→ Work task: The expected response is the full listing, retyped exactly, without its images.

→ Given data:
*** Block opens ***

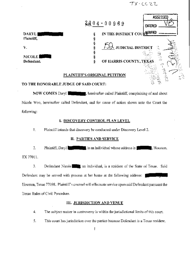 A01 Plaintiffs Original Petition for Automobile Motor Vehicle Accident
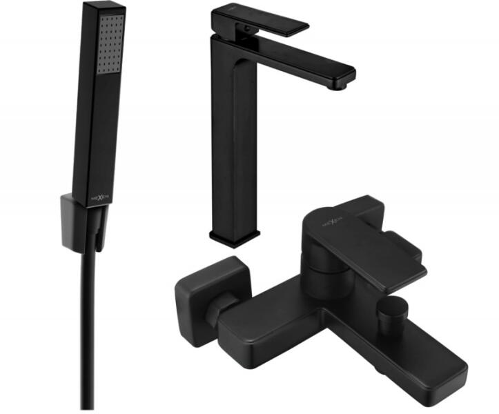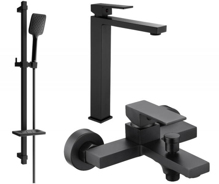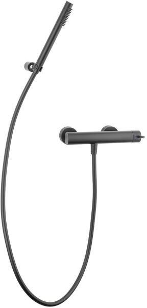 Karral fali zuhany csaptelep zuhanyszettel együtt. Fekete színben. A csaptelepek távolsága 150 mm. Matt felülettel.
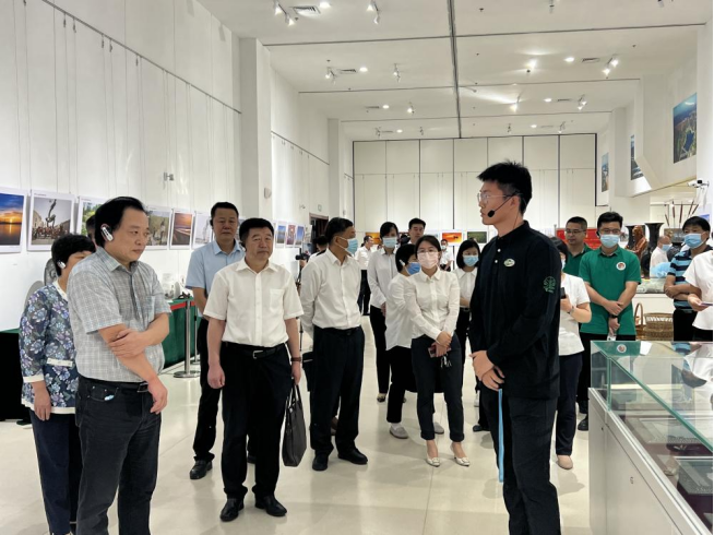 主旨演讲后,与会人员参观了“济阳@黄河”系列文化展。展览包括黄河文化摄影展、生态科普展、文化旅游展、济北手造产品陈列展。在一件件展览品与现场手工艺人的黑陶、剪纸、刻印、钩绣制作中,与会人员沉浸式体验到了济阳绵延悠久的历史底蕴。

*** Block closes ***

→ Solved problem:
 A01 Plaintiffs Original Petition for Automobile Motor Vehicle Accident
 Karral fali zuhany csaptelep zuhanyszettel együtt. Fekete színben. A csaptelepek távolsága 150 mm. Matt felülettel.
 主旨演讲后,与会人员参观了“济阳@黄河”系列文化展。展览包括黄河文化摄影展、生态科普展、文化旅游展、济北手造产品陈列展。在一件件展览品与现场手工艺人的黑陶、剪纸、刻印、钩绣制作中,与会人员沉浸式体验到了济阳绵延悠久的历史底蕴。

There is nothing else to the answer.